Wiesława Lewandowska talks with Marcin Gugulski about a strange mode of the repair of the airplane Tu-154M number 101 under a strict control of the Russian special services

WIESŁAWA LEWANDOWSKA: - It seems that the so-called third report of Smoleńsk, elaborated by the Parliamentary Team, under the supervision of Antoni Macierewicz, went unnoticed, did not raise any disputes, and, not mentioning little sarcasms. Why, do you think?

MARCIN GUGULSKI: - Maybe because other results of the investigation of the Team are more difficult to question.

– And better documented?

– Yes. Maciek Lasek, the chairman of the team appointed on the day before the announcement of our report by the prime minister, especially in order to explain materials concerning the Smoleńsk catastrophe to the public opinion, initially allowed for a general conclusion, that everything apart from the report of Miller is worthless….He did not undertake a factual polemic, but only announced it.

– Whereas it has been a month (we are talking at the beginning of May) and nothing is happening…..

– I am sure that if there were essential inaccuracies or wrong interpretations of facts in our document, they would be brutally pointed out at once. I do not have doubts that in the surrounding of Mr Lasek there are a lot of people who could do it cleverly. Nobody had tried to so far.

– A specially puzzling thing is a lack of a polemic with the text of your prepared chapter about inaccuracies connected with the repair of the Tu-154M no 101, which gets crashed in the catastrophe at Smoleńsk, just after the repair. Why did critics ignore this new, quite detailed thread?

– It does not surprise me. Pointed out inaccuracies connected with the repair of the airplane –and there are many of them – are documented in a detailed way, which is proved by a few detailed source footnotes. In my chapter there is approximately one footnote per 60 words. An explanation of Mr Marcin Lasek sounds not quite seriously, that his team cannot undertake a polemic, with the thesis of our report because of no access to documents and sources to which we are referring. So far, the only attempt of a polemic was a statement of vice-president of Bumar, Mr Marcin Idzik (given by Polish Press Agency), who is undoubtedly a person competent in this matter, because at that time, when a tender for a repair of the airplane was being prepared and settled, he was an important official in the Ministry of Defense, and later also a vice-minister responsible for arming and modernization. So, his statement can be treated as an attempt of self-defense.

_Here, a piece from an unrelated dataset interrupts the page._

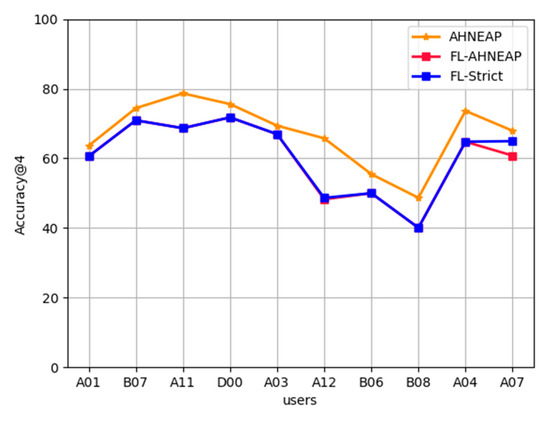 AHNEAP vs. FL-AHNEAP: Figure 3 compares the accuracy between the AHNEAP method and the FL-AHNEAP method. The FL-AHNEAP method uses 10 users for 20 rounds of communication, and each user is trained for five rounds at the terminal. As for the AHNEAP method, each user is trained for 100 rounds independently. FL-Strict strictly implements the FL-AHNEAP method, selecting 15 users for training and conducting 20 rounds of communication. The users are trained at the terminal for five rounds, and five users are randomly selected to participate in one round of communication according to a one-third ratio. It can be seen from Figure 3 that the experimental results of FL-AHNEAP and FL-Strict are not much different, but the accuracy of the two is generally lower than that of the AHNEAP method of single-user data. Among these, the accuracy of user D00 is the highest, reaching 72%, whereas user B08 has the lowest accuracy, of only 40%. For user A12, the accuracy of the FL-AHNEAP method is 17.5% lower than that of the AHNEAP method, which is the largest difference among all users, whereas the difference of user A03 is the smallest, at only 2.5% lower. This is because the FL-AHNEAP method destroys the structural property of the network to a certain extent; from the perspective of federated learning, it is equivalent to sacrificing part of the accuracy to obtain privacy protection.

– Only an attempt, but not as an effective defense against particular accusations?

– I think so. For example, when the vice-minister Idzik says that the range of the repair was exactly the same as it had been decided with the Command of the Air Force, he is far from the truth or is trying to conceal it. After all, in the report I quote particular documents (with dates), proving that the Command of Air Forces (and the late gen. Andrzej Błasik personally) had applied a request to the Ministry of National Defense for carrying out, within the planned repair, ‘a system of passive defense of the airplane, that is, ejectors of passive disruption…’, which might protect from ‘targeted rocket missiles with thermal and radio-locative homing heads, especially during its take-off and landing’. The Minister Bogdan Klich definitely rejected these requests, so, everybody who says about settling them with the Command of Air Forces is manipulating the public opinion. There are particular documents proving these facts and it is known that also Mr Idzik was familiar with them.

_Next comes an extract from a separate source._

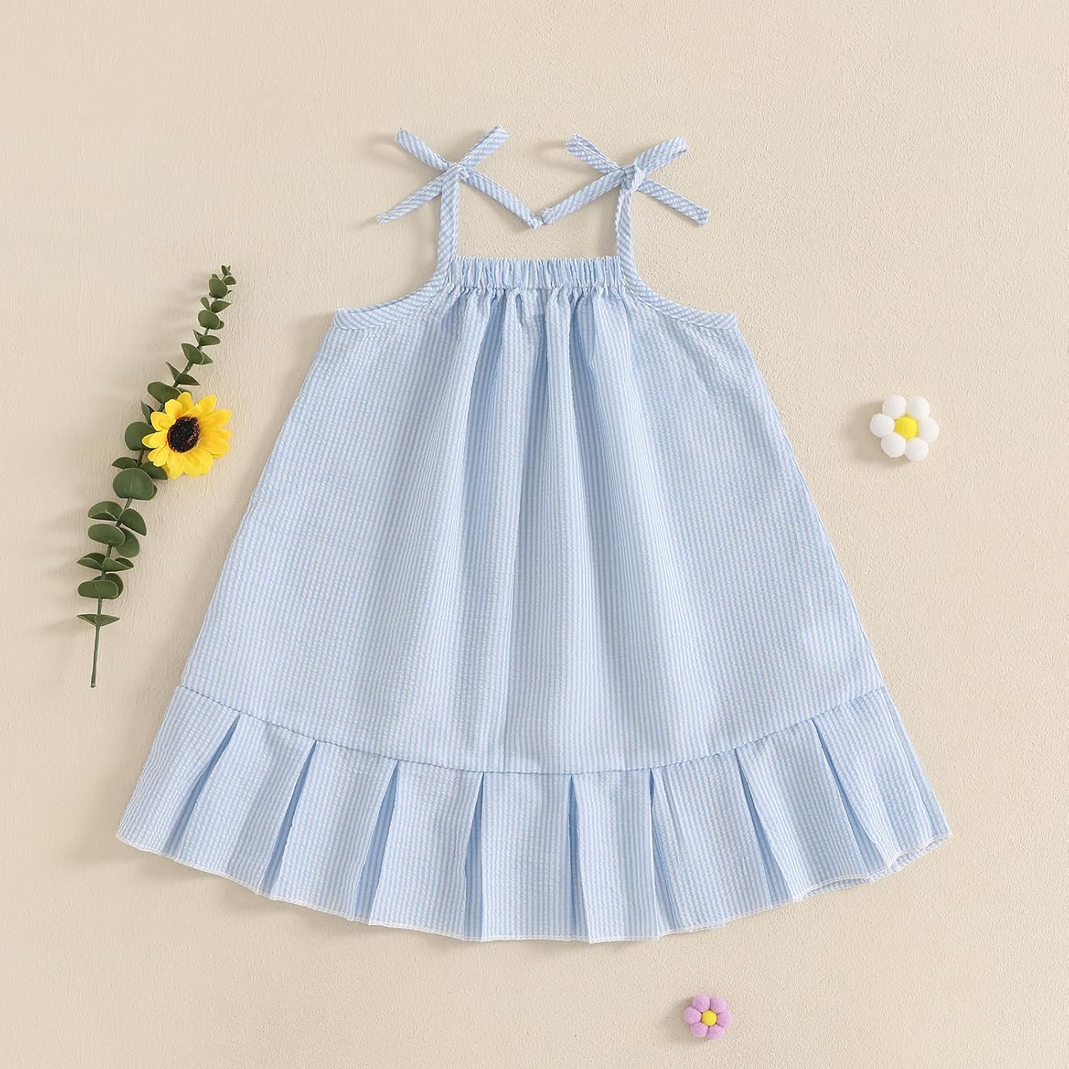 Baby Girl Summer Daily Dress Stripe Tie-Up Spaghetti Strap Sleeveless 6 12 18 24 Months 3 4 T

– How did you get an access to them?

– Parliamentarians and senators from the Parliamentary Team have their sources of information. I also did some informative-analytical actions, based on gaining, collecting, analyzing, transforming and passing gained information to the Team … Every journalist does these actions every day. I often faced an insurmountable barrier on this way to the truth. I am quoting letters in which the Ministry of National Defense applies its request to certain institutions (for example the Service of Military Intelligence) for immediate passing on information concerning the Russian company to which the repair of the airplane is supposed to be entrusted. And later, nothing….I do not know the answers to these letters, not because there were not any answers but surely because they had a confidentiality clause.

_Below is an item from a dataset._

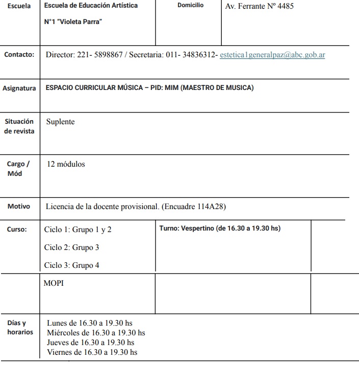 Secretaría de Asuntos Docentes de General Paz, a solicitud de la Inspectora de Ed. Artística Prof. ANDREONI Analisa, llama a difícil cobertura para módulos de MIM (maestro de música) para EEA N°1 de General Paz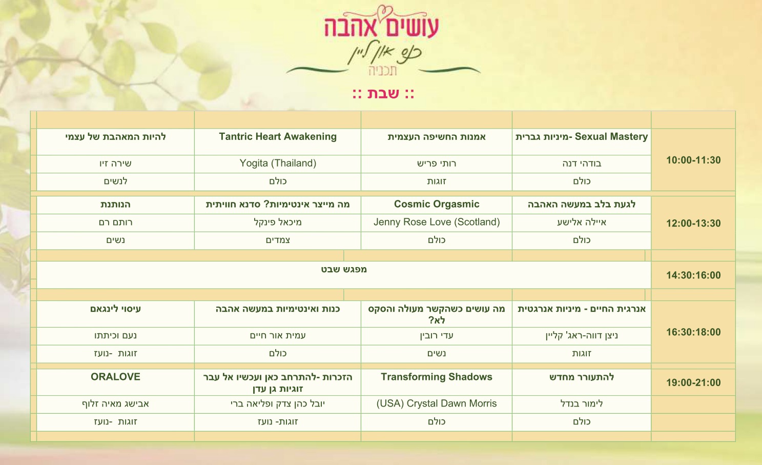- נכיר את המיניות המודעת והמיניות המקודשת כדרך להתחבר אל החלקים הגבוהים והעמוקים של ההוויה שלנו ושל בנות הזוג שלנו, ועוד.

– In your document you also quote the not easily available Russian documents.

– Yes. I quote a few Russian documents unquoted so far in the generally available Polish literature, although fragments of the key one are and were available on Internet. It concerns a decree number 64 of the president of the Russian Federation, which was a legal basis for actions aiming at a situation when Polish-Russian relations concerning the issue of arming and repairs as well as modernization of equipment would take place under stricter control of the Federal Service of the Military-Technical Cooperation (an institution being a cover for the Russian Intelligence). The effect was entrusting the repair of the airplane to these, not to other companies.

– Hence, there is a conclusion that the Russian services were precisely steering the Polish tender?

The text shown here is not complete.